They are too long to be Persian spears. The best explanation is that they are spears of hoplites armed in the Iphicratic fashion.  Iphicrates (418-353BC) was an Athenian general who introduced several military reforms, among which was the use of longer spears, increasing them from 9 feet in length to about 13.5 feet. Somewhere around 378BC he went with a force of mercenaries to help the Persians conquer Egypt. What happened to the mercenaries is not recorded, but by the time Alexander reached Gaugamela, any surviving hoplites in Darius’ service had been equipped with the longer spears (if they didn’t have them already) to counter the sarissas of the Macedonian phalanx, as recorded by Diodorus:

"By the time he heard of his arrival, Darius had already assembled his forces from all directions and made everything ready for battle. He had fashioned swords [xiphe = xiphos] and lances [xusta = xyston] much longer than his earlier types because it was thought Alexander had had a great advantage in this respect in the battle in Cilicia." - Diodorus: XVII. 53. 1


The presence of long-speared hoplites near the Persian king points to Gaugamela – where part of his personal bodyguard consisted of hoplites – rather than Issus, where he was some distance from hoplites at the moment Alexander set upon him.
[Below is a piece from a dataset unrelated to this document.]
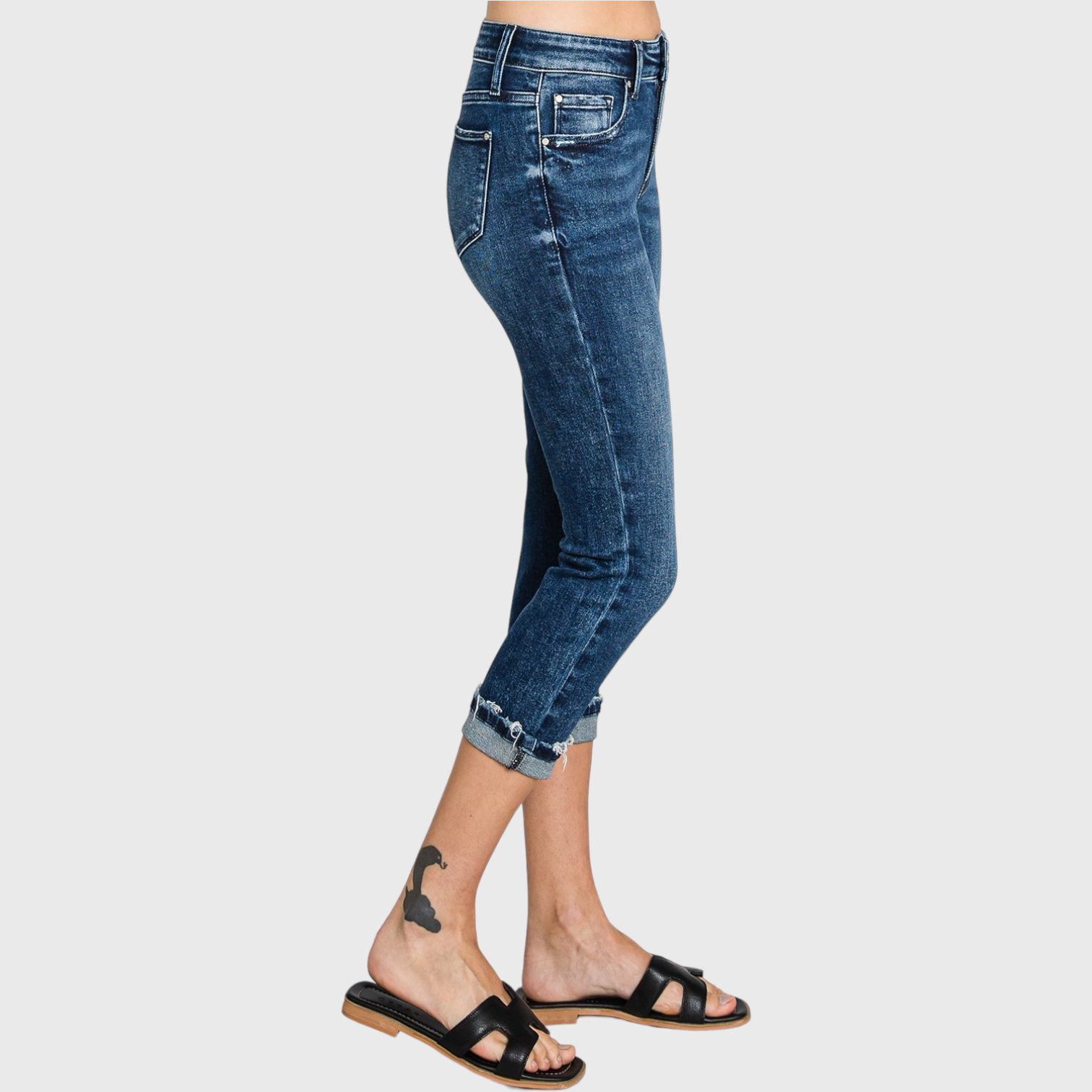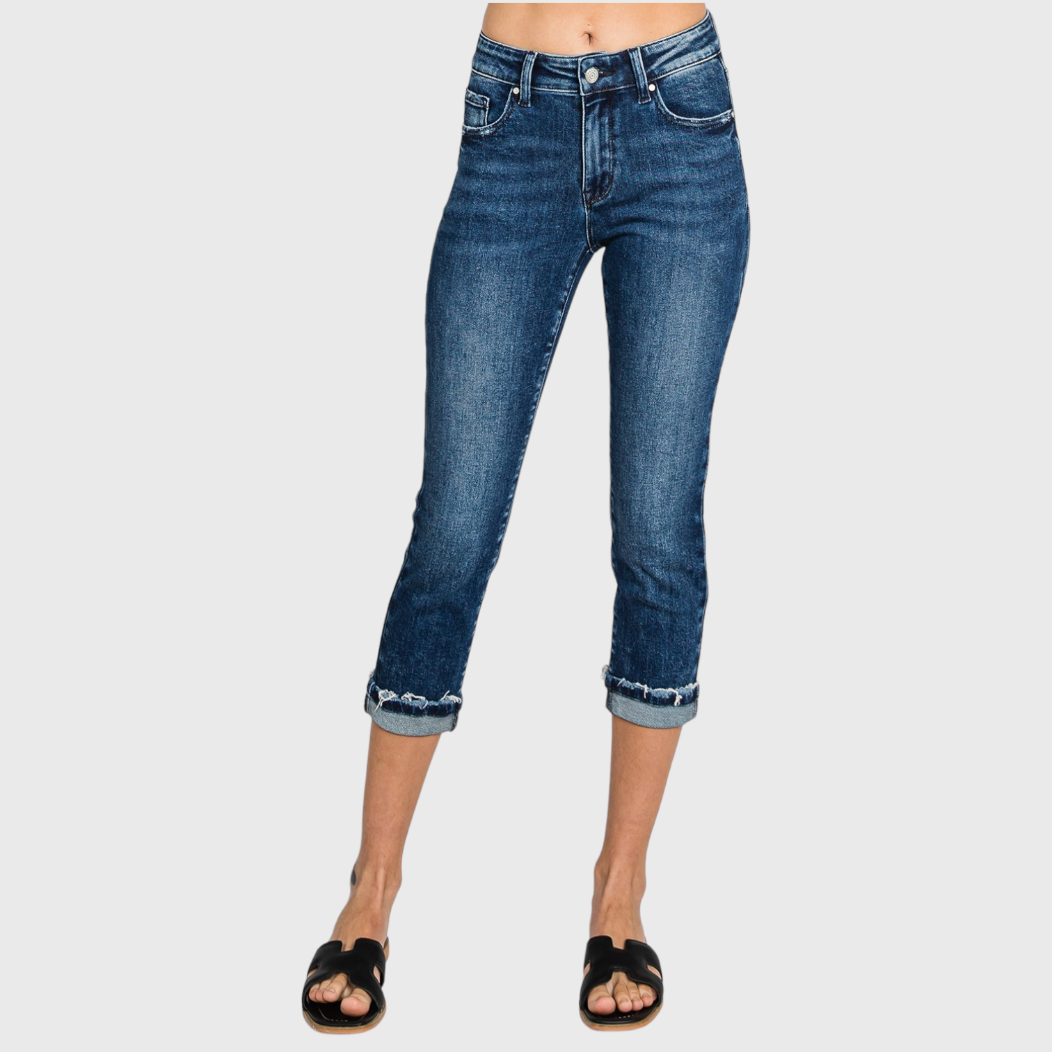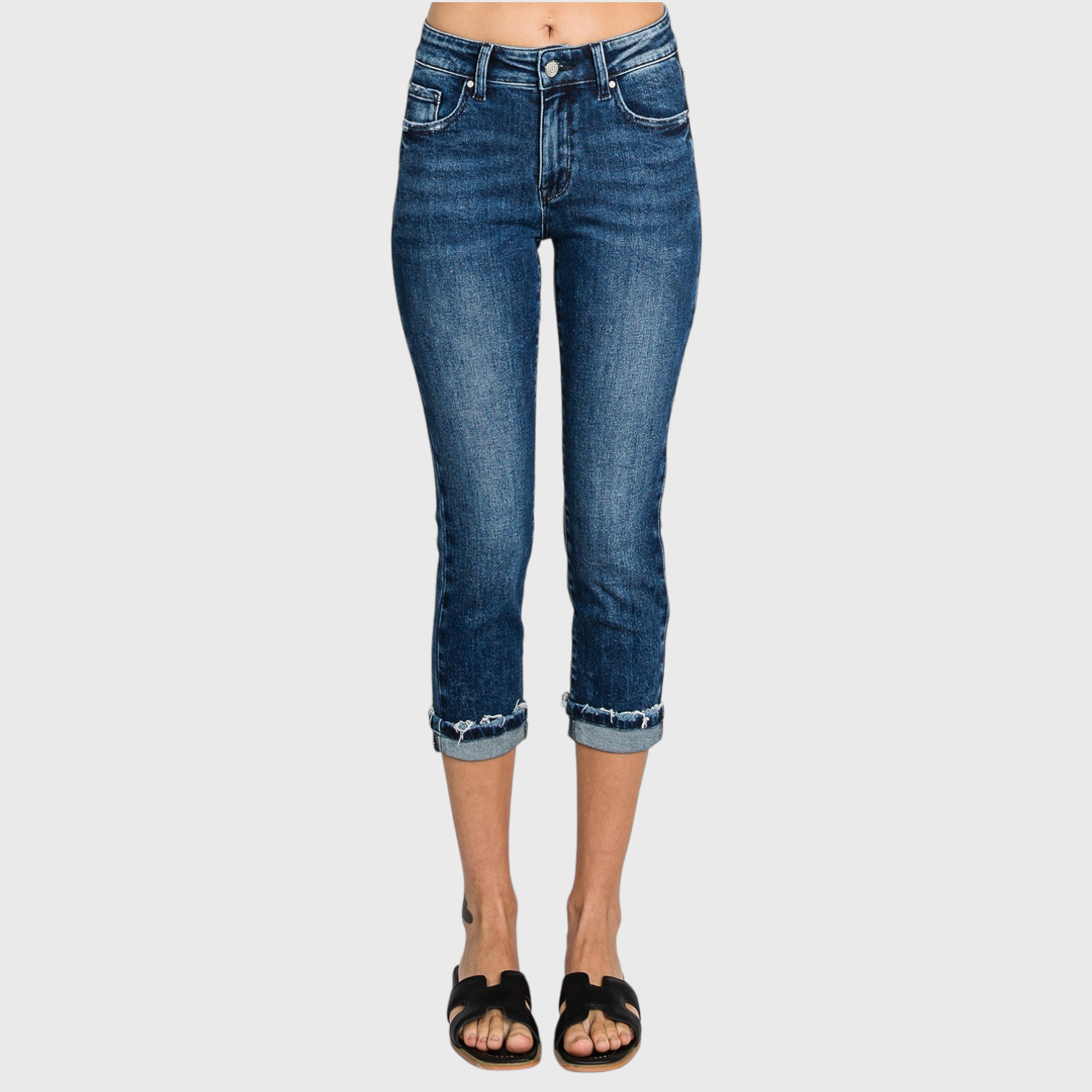 MID RISE SKINNY CAPRI JEANS W/ CUFFED HEM - 9" Rise, 21.5" Inseam after cuffed hem, Modeled in size 3/25 - Mid-rise Skinny capri silhouette - 1.5" single cuffed hem - Button closure and zip fly - 5-pocket styling - 88% Cotton,10% Rayon,2% Spandex

The interesting thing about the mosaic is that it shows most of the hoplites in the background, whilst Alexander and his Companions attack the Persian mounted guard in the foreground.
As the Persian royal bodyguard attempted to slow down Alexander, Darius turned and fled.

5. India

After his victory at Gaugamela, the rest of the Persian empire fell to Alexander. With Persia at his feet, the last part of the known world in the east for him to conquer – as far as he knew – was India.
Crossing the Hindu Kush, the Macedonian army defeated Porus, though at a cost, but refused to go any further. The troops’ spokesman, Coenus, finally convinced Alexander to let them return home, but his agreement was conditional: they would not retrace their steps westwards though the Hindu Kush, but rather march south and then turn west once they reached the Indian Ocean.  Alexander may have counted on submitting the territories in his path without any serious fighting, but news arrived that the Mali and the Oxydracians, traditional enemies, had formed an alliance to prevent the Macedonians from passing through their realms. Alexander moved fast, determined to fight them before their forces could unite.
After a sophisticated campaign he met the Mallian army at the river Hydraotis.
He himself led his forces against the largest city of the Mallians, whither he was informed many from the other cities had taken refuge. But this also the Indians abandoned when they heard that Alexander was marching against it. Crossing the river Hydraotes, they remained with their forces drawn up upon its bank, because it was high, and they thought they could obstruct Alexander's passage. When he heard this, he took all the cavalry which he had with him, and went to the part of the river where he was informed that the Mallians had drawn themselves up for battle; and the infantry was ordered to follow. When he reached the river and beheld the enemy drawn up on the opposite bank, he made no delay, but instantly plunged into the ford with the cavalry alone. When they saw that he was now in the middle of the river, though they were drawn up ready for battle, they withdrew from the bank with all speed and Alexander followed them with his cavalry alone. –Arrian 6.8

Notice how Alexander has no inhibitions about charging an infantry force (reckoned by Arrian at about 50 000 infantry) with cavalry alone. The Mallians, already aware of the fearsome reputation of the Macedonians, fled immediately. But when the Indians perceived only cavalry, they wheeled round and fought with desperate valour, being about 50,000 in number. When Alexander perceived that their phalanx was densely compact, and that his own infantry was absent, he rode right round their army and made charges upon them, but did not come to close fighting with them. Meanwhile the archers, the Agrianians and the other battalions of light-armed infantry, being picked men whom he was leading with him, arrived, and his phalanx of infantry was seen not far off. As all kinds of danger were threatening them at once, the Indians now wheeled round again and began to flee with headlong speed into the strongest of their adjacent cities ; but Alexander followed them and slew many, while those who escaped into the city were cooped up within it. – ibid. The Mallians, realising that they are being pursued by only a few thousand cavalry, turn to face and form up in a ‘densely compact’ phalanx. Rather than charging into them, he circles around, making several feints and fixing them in position until his infantry reinforcements can come up.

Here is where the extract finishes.